Solving the problem of JSP Chinese garbled by hundred percent solution

Source: Internet
Author: User

Briefly summarize:

Method= "Get", <%string name=request.getparameter ("name");

String Output=new string (name.getbytes ("iso-8859-1"), "UTF-8");

%>

<%=output%>

Method= "Post", <%request.setcharacterencoding ("Utf-8");

String name=request.getparameter ("name");

<%=name%>

Here's how it works:

First, talk about the role of several encodings in Jsp/servlet.
In Jsp/servlet, there are several places where you can set up code, pageencoding= "UTF-8", contenttype= "Text/html;charset=utf-8", Request.setcharacterencoding ("UTF-8") and Response.setcharacterencoding ("UTF-8"), where the first two can only be used in the JSP, The latter two can be used in JSPs and in the servlet.

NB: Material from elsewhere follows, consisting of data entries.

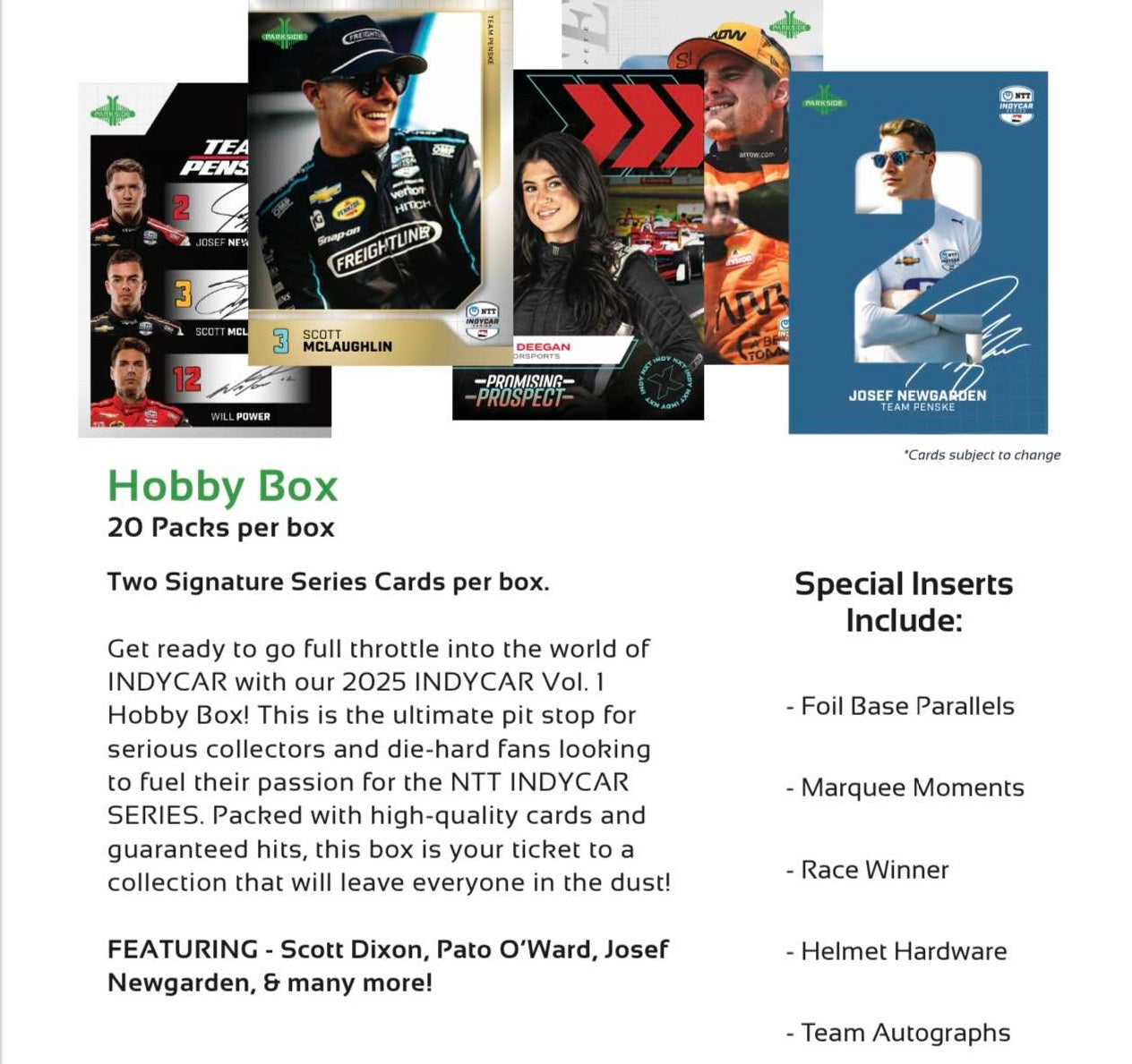 Experience the thrill of INDYCAR racing with our 2025 Trading Card Set – a must-have for fans and collectors! Each pack offers a glimpse into the world of INDYCAR, featuring top stars and emerging legends.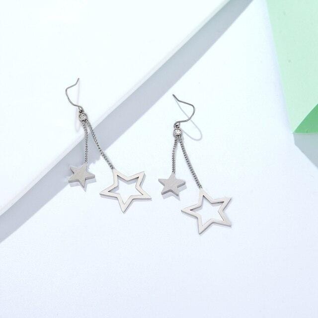 Fine Jewelry Hook Style Zircon And Two Stars Woman Drop Earring Lovely Fashion Long Earring Girl Stainless Steel Golden Earring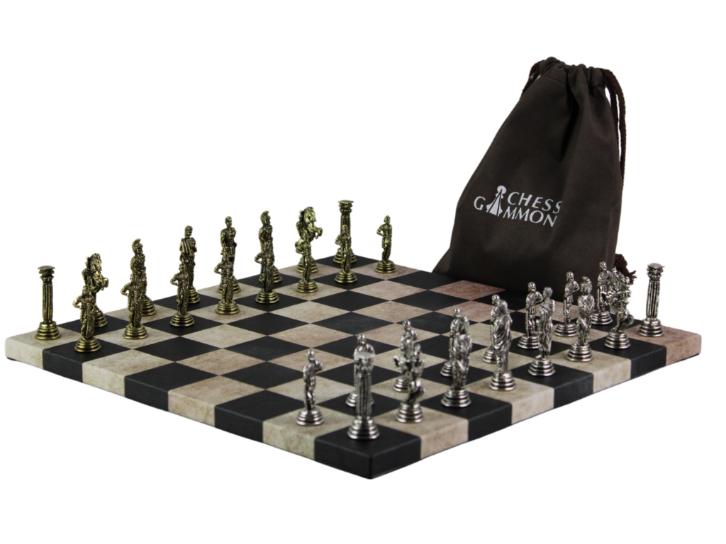 Juego de ajedrez de metal personalizado con tablero de cuero sintetico negro y bolsa de cordon de 14 pulgadas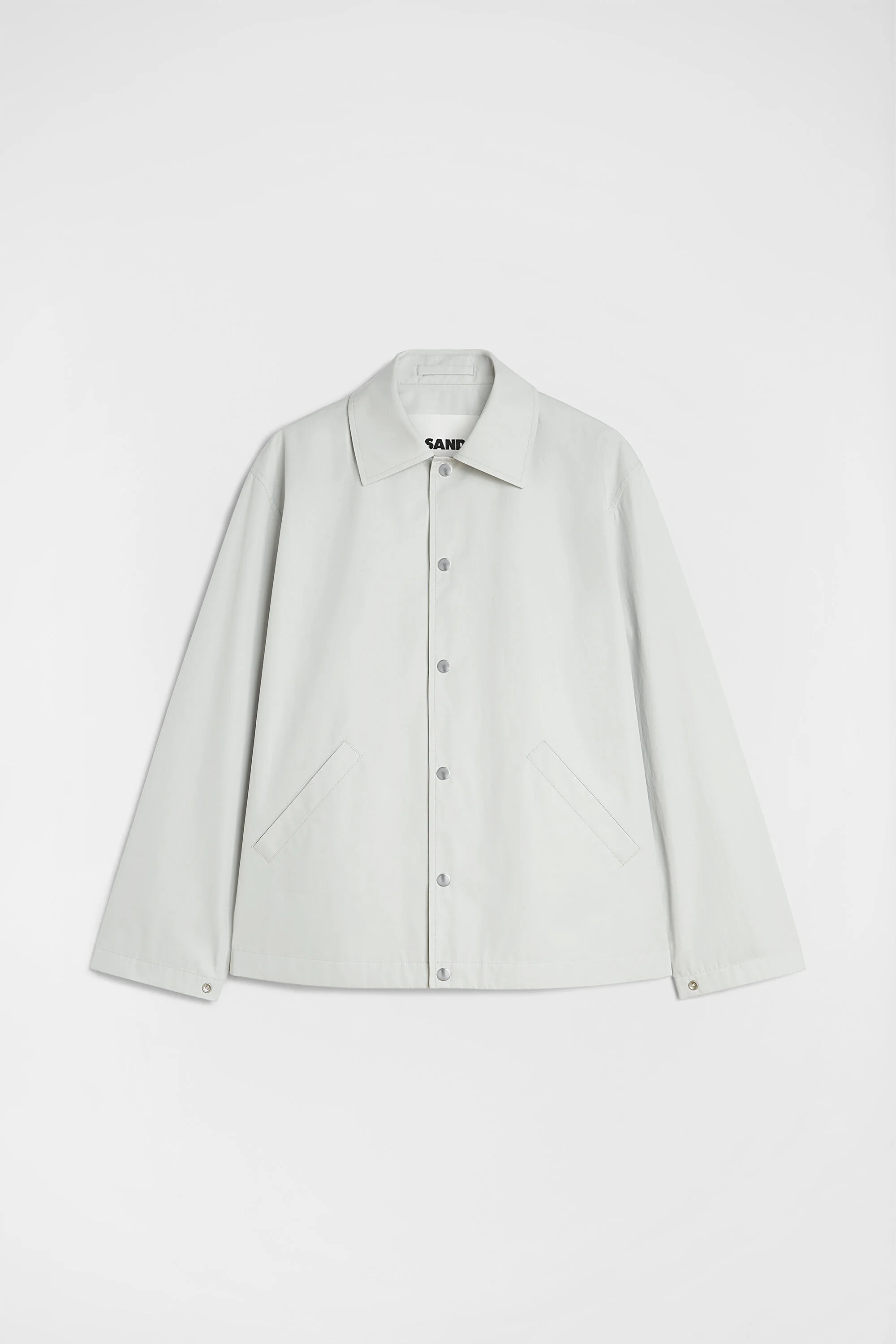 Compact cotton taffeta jacket with printed Jil Sander logo on the back Details - relaxed fit and boxy shape - flat collar and dropped shoulders - snap button closure - two jetted pockets - adjustable button closure cuff - Jil Sander logo printed on the back - compact cotton taffeta - 100% cotton - made in Italy - StyleID: J53BN0004J45306058 Care - dry clean only - iron with care Fit - model is 177cm/5'9" and is wearing a size S - Please note that the physical label of the item will show the international size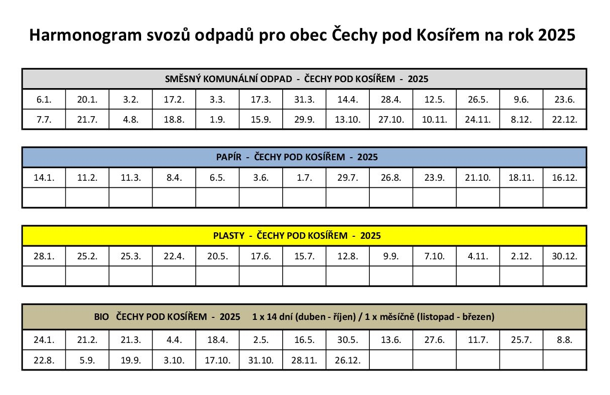 Aktuální harmonogram svozů dle druhu odpadu v roce 2025 v Čechách pod Kosířem, který zajišťuje svozová firma FCC Prostějov.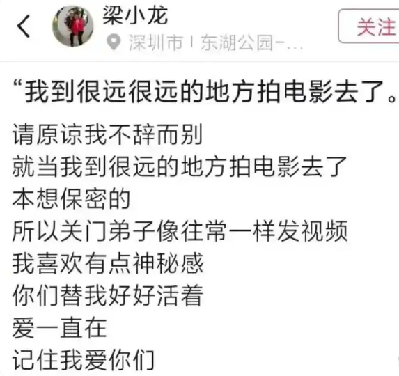 1月18日晚,梁小龙社交媒体账号发布的这封告别信,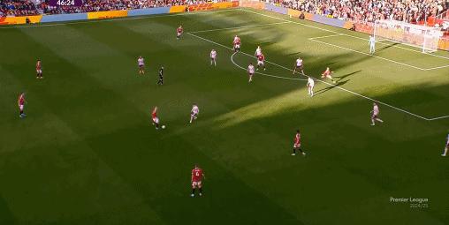 在球员的努力下,主教练的战术意图很快就取得了成绩,结果的变化自然激发了球员的进一步努力。因此,在那之后,曼联的进攻力度越来越强: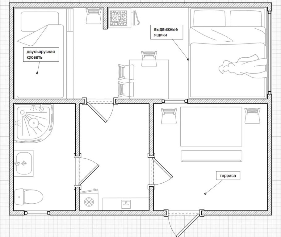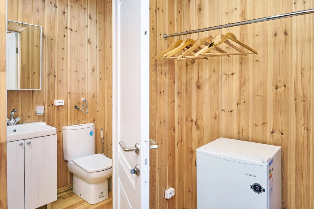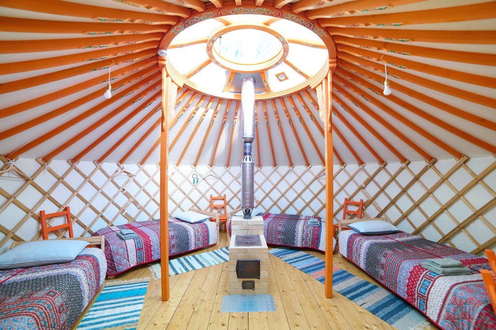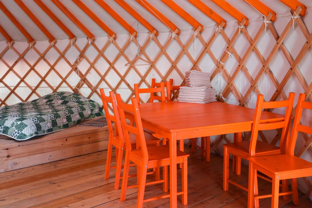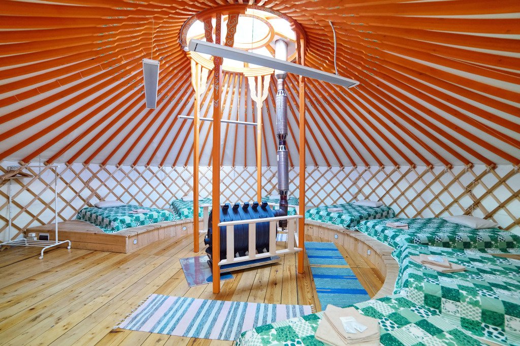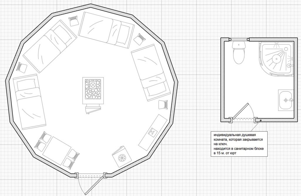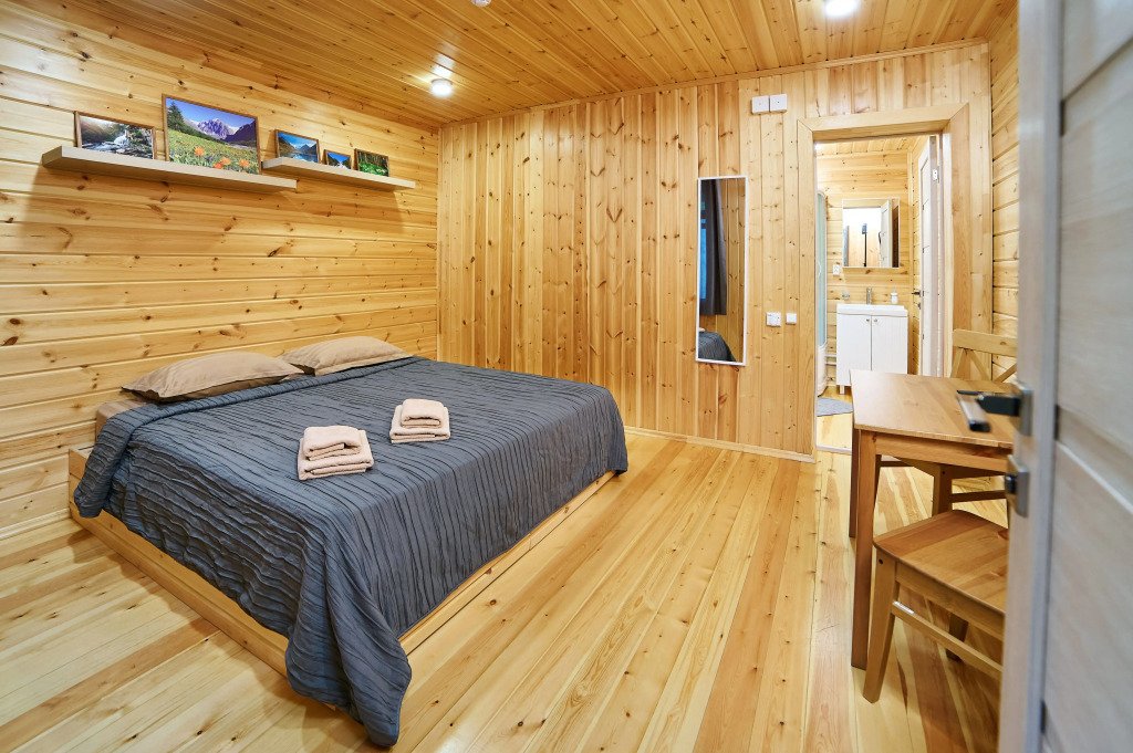 Домики разных типов и юрты. Свежая мебель, добротная сантехника.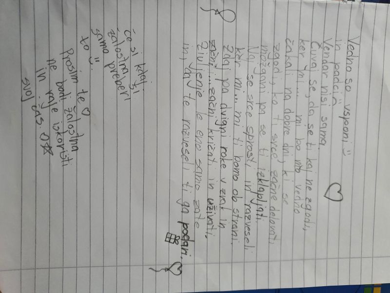 hey to pesem sem napisala prijateljici ker je žalostna. Upam da ne bo več če prqv ta pesem se mi zdi grozna in ne logična ampak okej. ČE SI KDAJ ŽALOSTEN SI TO PREBERI. Pa meni kdaj pomga tudi ta posbetek :rofl::rofl::rofl::rofl: https://youtu.be/ur48jVNNlKk upam da vam pomaga napišite v kom če bi vam pomgalo ali če vam je :blush:.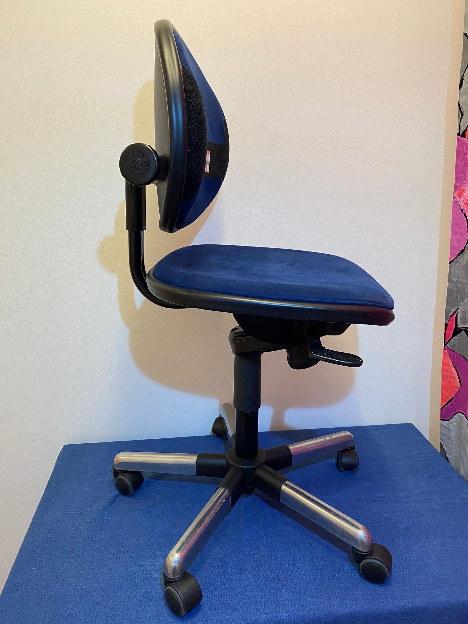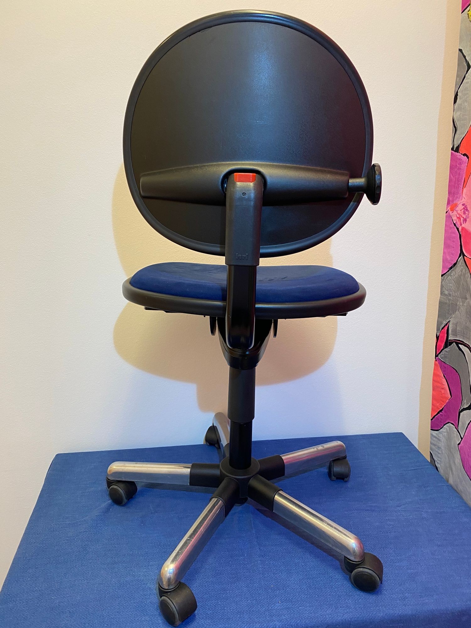 Rollen für Hartboden, höherverstellbar, Lehne verstellbar, dunkelblauer Bezug, kleiner Fleck

1, the role of pageencoding= "UTF-8" is to set the code that the JSP uses when compiling the servlet.

As we all know, JSP on the server is to be compiled into a servlet first. The role of pageencoding= "UTF-8" is to tell the JSP compiler the encoding used to compile the JSP file into a servlet. Typically, the strings that are defined inside the JSP (defined directly in the JSP, rather than the data submitted from the browser) are garbled, many of which are caused by the parameter setting error. For example, your JSP file is stored in GBK code, and in the JSP but the pageencoding= "UTF-8", will cause the internal definition of the JSP string is garbled.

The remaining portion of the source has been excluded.